# AWSDeployer
Collection of some scripts to automate AWS Lambda deployments. They are useful for quick development and deployment of AWS Lambda functions and layers, as well as a REST API Gateway integration.
Just set your working directory, your __awsdeployer__ configs and you should be good to focus on actual development.
Currently only supporting Python lambda functions.
---
## Lambda Deployer
Easily deploy Lambda functions and their layers.
### Usage
These scripts assume a working directory like that of sample_lambda:
* `awsdeployer.ini` file with your secrets (see sample file)
* `awsdeployer_lambda.json` with your layer and function configurations
* `function_name.py` files, one for each of your Lambda functions
The executable is `lambda`, which accepts the following commands:
* `$ lambda layer <layer-name>`: deploy layer "layer-name" into AWS (requires docker to build)
* `$ lambda config [<function-name>]`: update all function configs in AWS (specify a function name to only update that function's configs); non-existing functions are created (default Lambda IAM permissions)
* `$ lambda <function-name>`: if no option above is matched, the specified function has its code and configs updated **(probably the most common case)**; non-existing functions are created (default Lambda IAM permissions)
Tip: all <function-name> parameters can be replaced by a __shorthand__, which you can specify in your `awsdeployer_lambda.json`.
### Configs
* `main_file`: specify the main function file (if not present, function_name.py is assumed)

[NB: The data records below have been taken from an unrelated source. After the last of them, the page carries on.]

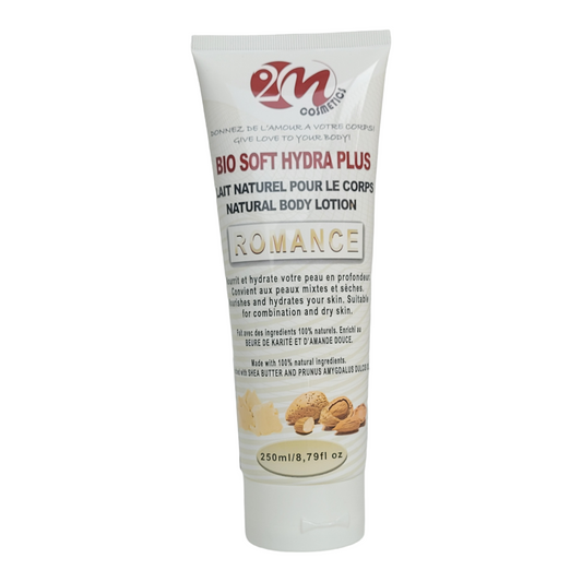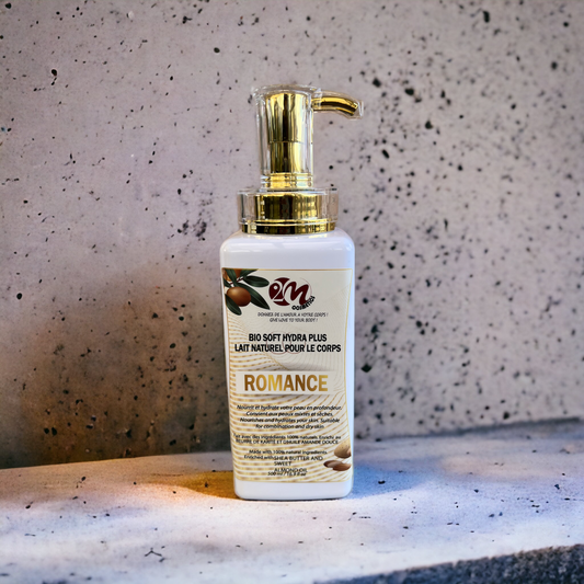 Lait corporel BIO SOFT HYDRA PLUS ROMANCE enrichi au KARITÉ et AMANDE DOUCE 250 ml : "Offrez à votre peau une douceur envoûtante. Formule luxueuse et 100% naturelle pour une hydratation intense et une peau parfaitement nourrie"
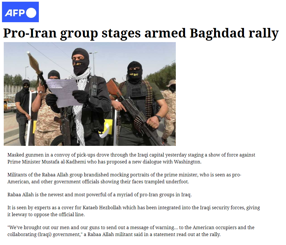 قالت وكالة فرانس برس إن ميليشيات ربع الله نجحت في استعراض قوتها من خلال نشر ميليشياتها في شوارع بغداد وسط صدمة من الحكومة العراقية التي قالت إنها تفاجأت بنزول سيارات مدججة بعناصر تحمل السلاح إلى شوارع العاصمة حاملين صورة رئيس الوزراء مصطفى الكاظمي وقد طبعوا فوقها رسم حذاء وهددوا بقطع أذينه. ونقلت فرنس برس عن شهود قولهم إن القوات العراقية والأجهزة الأمنية لم تتدخل لمنع مواكب الاستعراض العسكري المسلح تجنبا للاحتكاك معها وإثارة فوضى أمنية , بينما تكابد الحكومة لإعادة الاستقرار لبلد تحيط به مخاطر الإرهاب من كل جهة بعد سنوات من حرب على تنظيم داعش. وأضافت الوكالة الفرنسية أن ميليشيا “ربع الله” تذرعت بالخلاف بين الكتل النيابية والأحزاب حول الموازنة لتهدد وتحذر النواب والحكومة من المماطلة في إقرارها , لكن هدفها الأساسي هو استعراض قوتها قبل الانتخابات. ولفتت فرانس برس إلى أن خبراء يعدون حركة ‘ربع الله’ مجرد واجهة لكتائب حزب الله، أحد فصائل الحشد الشعبي المنضوي في القوات الأمنية لكن الاسم الوهمي يسمح لها بانتقاد السلطات مع تفادي الرد , مشيرة إلى أن الاستعراض جاء بعد ساعات من إعلان الحكومة العراقية أن بغداد دعت رسميا واشنطن إلى “حوار استراتيجي” جديد في ظلّ إدارة الرئيس الجديد جو بايدن .
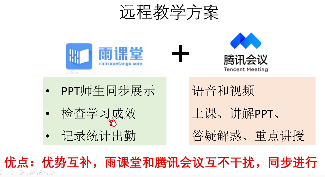 教师们献计献策解难题。因为课程中心负荷过高,导致资源分享和学习记录功能受影响。老师们献计献策,分享自己在其他平台的试用体验。2月27日,学院教学管理委员会召开第二次教学例会,及时总结第一周远程教学工作经验和不足,研究完善网络教学工作措施,3月11日,学院组织了线上教学经验交流研讨会,刘云、杨明峰、赵文婷、贾月慧老师对常见的授课平台首批进行了研究,重点对ZOOM、B站、雨课堂和腾讯会议等平台作了体验评测,并与其他老师积极互动,耐心地推广如何使用ZOOM录播与课程中心结合教学、如何选择学生喜欢的授课方式、雨课堂结合腾讯会议的优势、腾讯会议共享屏幕与课程中心结合使用等技巧。教学督导对学院的线上教学工作给予了肯定,并在如何提高学生专注力和师生互动性方面给老师们提出了值得思考的建议。
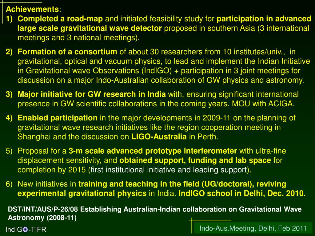 Achievements: • Completed a road-map and initiated feasibility study for participation in advanced large scale gravitational wave detector proposed in southern Asia (3 international meetings and 3 national meetings). • Formation of a consortium of about 30 researchers from 10 institutes/univ., in gravitational, optical and vacuum physics, to lead and implement the Indian Initiative in Gravitational wave Observations (IndIGO) + participation in 3 joint meetings for discussion on a major Indo-Australian collaboration of GW physics and astronomy. • Major initiative for GW research in India with, ensuring significant international presence in GW scientific collaborations in the coming years. MOU with ACIGA. • Enabled participation in the major developments in 2009-11 on the planning of gravitational wave research initiatives like the region cooperation meeting in Shanghai and the discussion on LIGO-Australia in Perth. • Proposal for a 3-m scale advanced prototype interferometer with ultra-fine displacement sensitivity, and obtained support, funding and lab space for completion by 2015 (first institutional initiative and leading support). • New initiatives in training and teaching in the field (UG/doctoral), reviving experimental gravitationalphysics in India. IndIGO school in Delhi, Dec. 2010. DST/INT/AUS/P-26/08 Establishing Australian-Indian collaboration on Gravitational Wave Astronomy (2008-11) Indo-Aus.Meeting, Delhi, Feb 2011
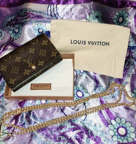 Beautiful authentic LV Monogram Tresor wallet. Box, dust bag, and Cerificate of Authenticity included. Freshly hydrated leather No fading of the monogram. After market chain to wear as a WoC. (Wallet on chain) Would make a beautiful gift for her! Finding this model in this specific condition is extremely rare. If you collect luxury, this is a staple to your collection. If you are thinking of her, YES! SHE WILL LOVE IT!!! This wallet has one single callout, which is so small and insignificant that you will not notice it. It is pictured, and its a just a tiny little corner imperfection.
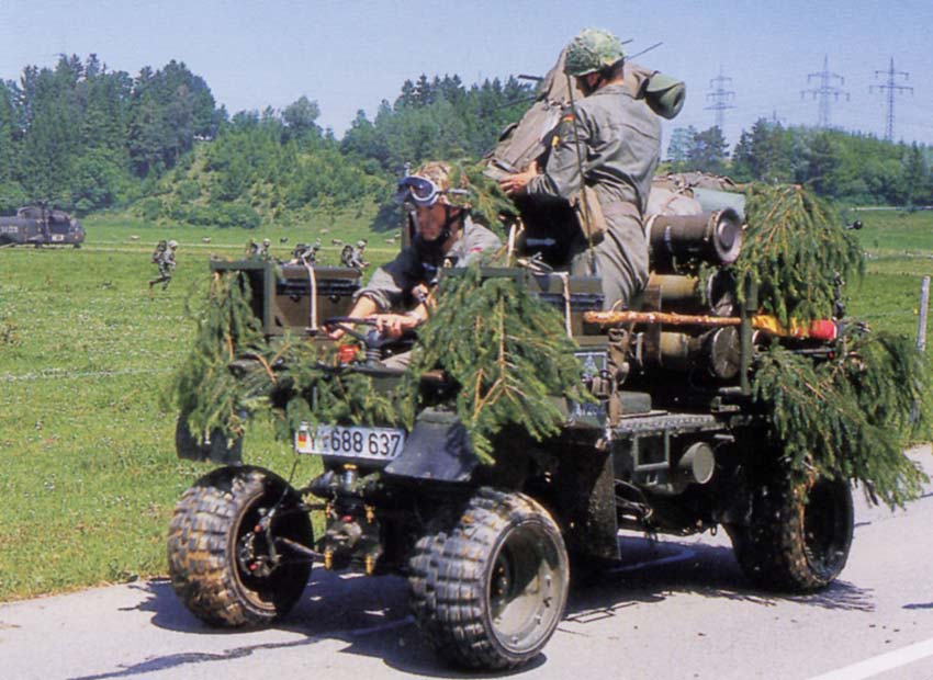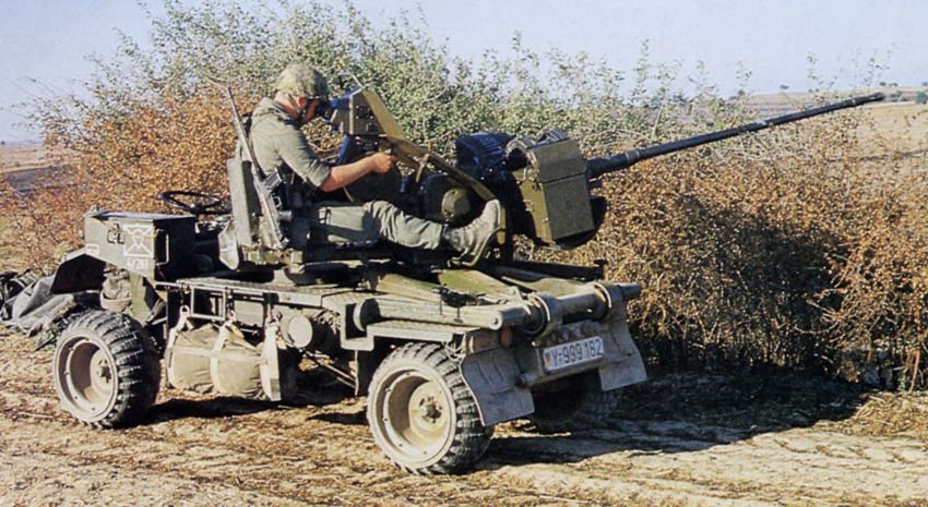 Solo se que de nombre es "KRAKA". Una mula mecánica, que o es esta o otras de similares las he visto con TOW, MILAN, una del 50, un Rheinmetall 20 mm ....
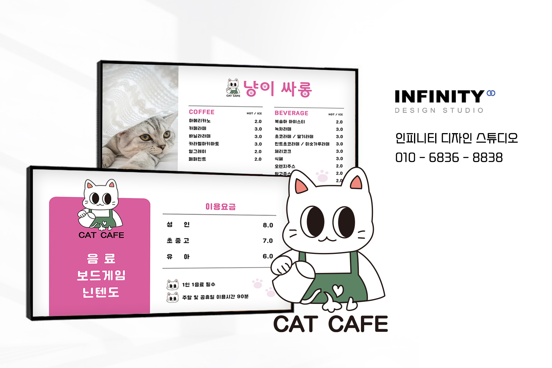 액자 메뉴판, DID 메뉴판, LED 메뉴판 디자인 등
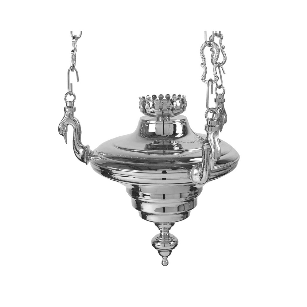 Hanging lamp with wall mount. This Sanctuary lamp is made of nickel-plated brass. It’s suitable to be used with liquid wax. Complete with chains.
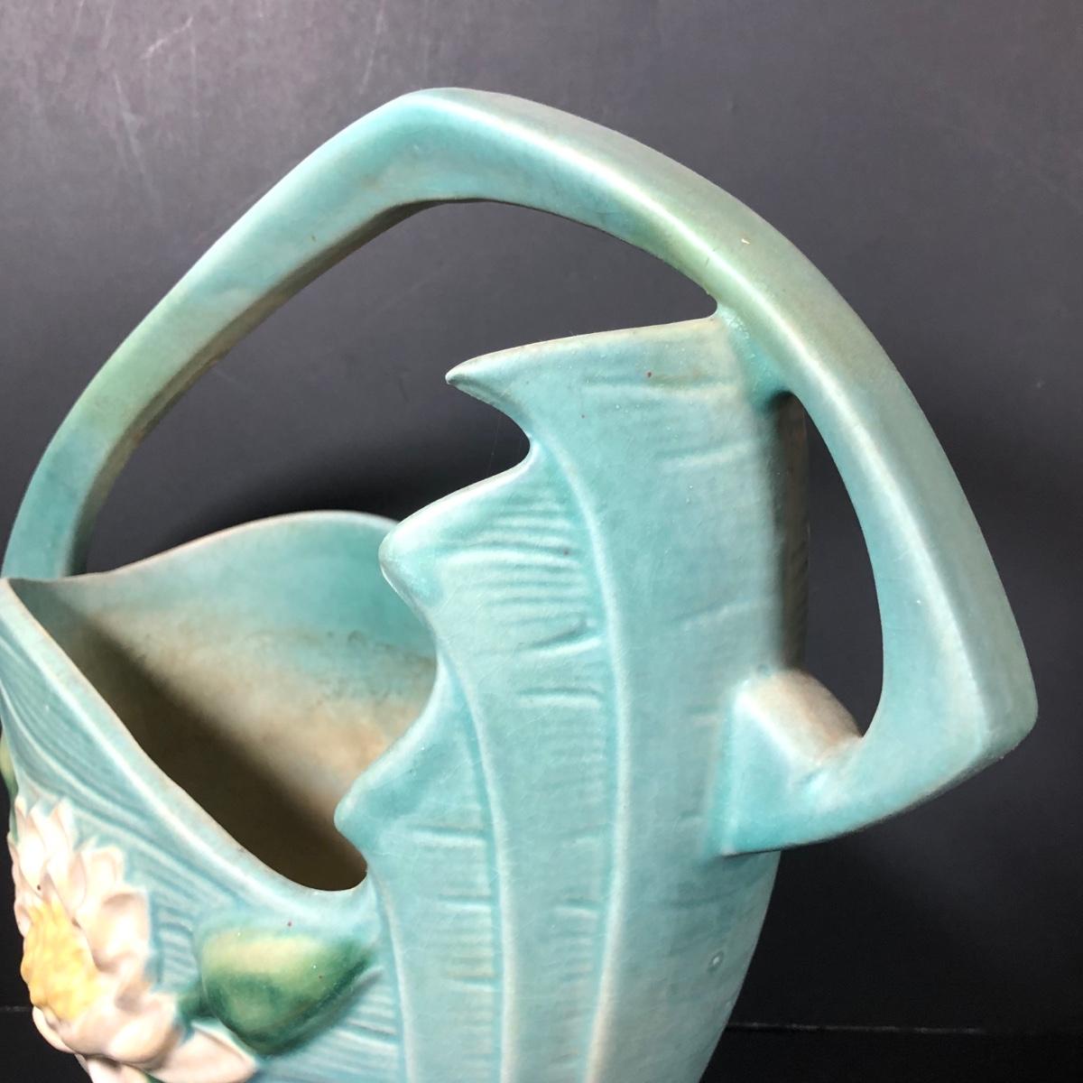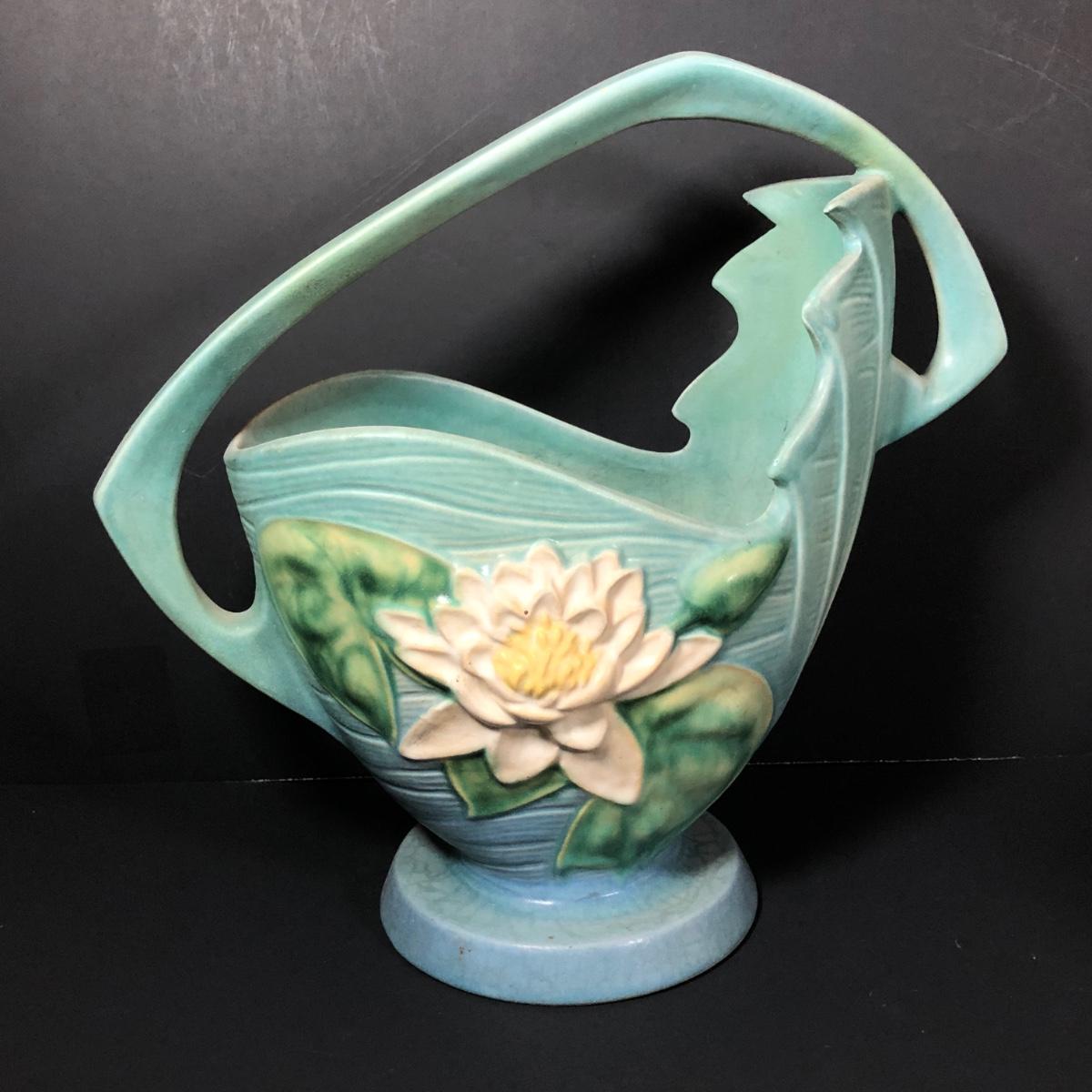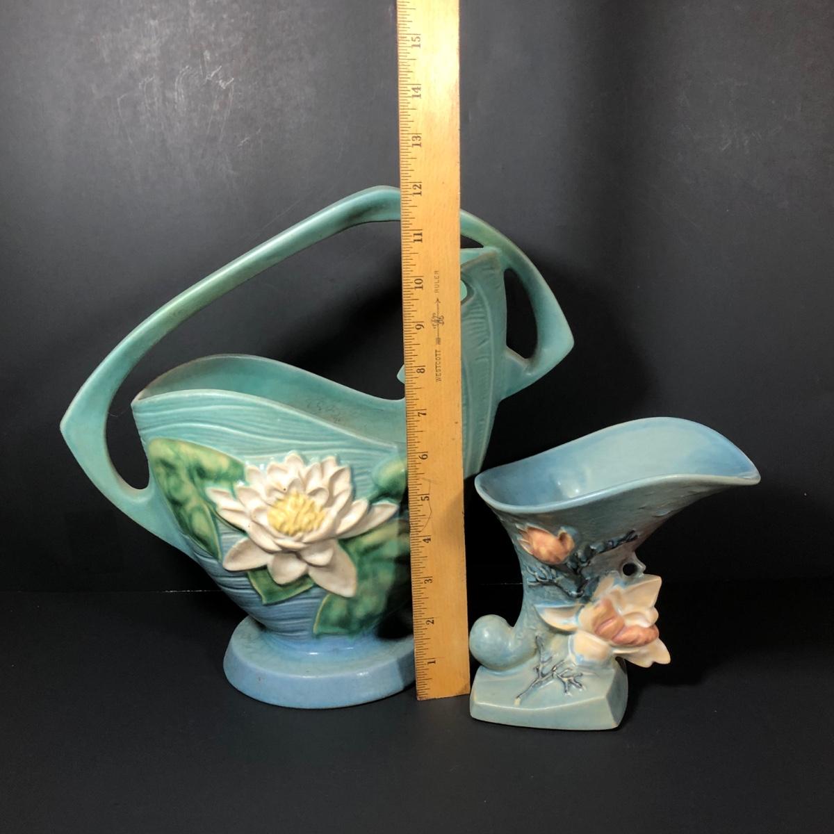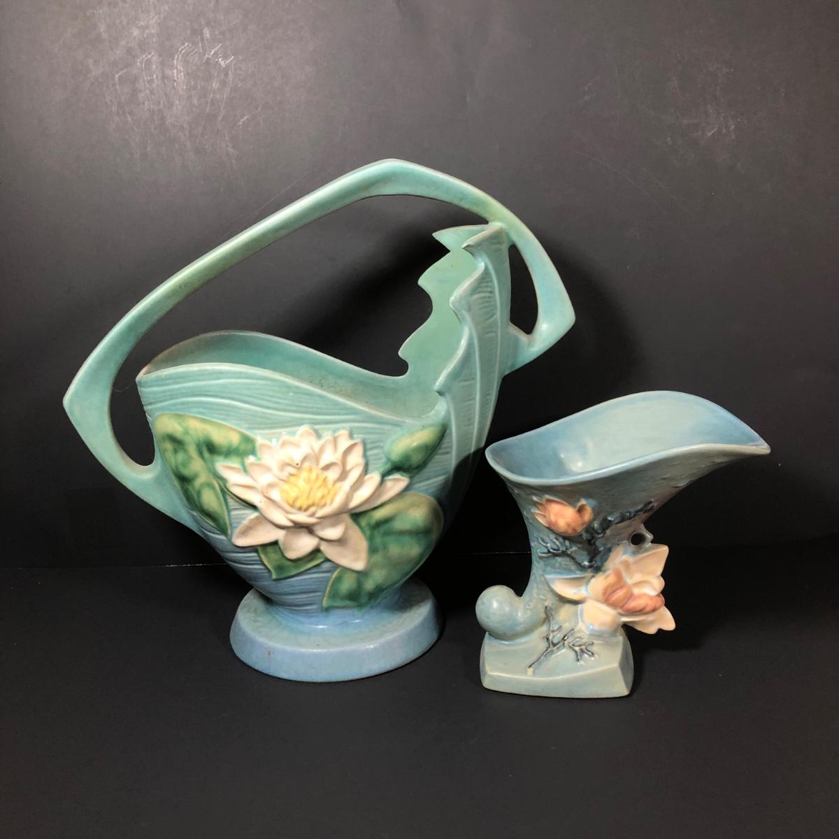 LOT 163F: Vintage Roseville Pottery - 1943 Blue Magnolia (184-6") & Water Lily Handled Basket (382-12")

* `additional_files`: additional files to include with the main function file in the deployment
### Environment packages
If you need to add the same set of variables to multiple functions (eg. database configurations) you can define a global pack of environment variables that you can then reference in each function that needs it. Example in samples/lambda/awsdeployer_lambda.json
### Special layer building
If you need to build a specific package for your layer (eg. psycopg2) you can use pre and post build hooks for the layer build, and add docker arguments to the command.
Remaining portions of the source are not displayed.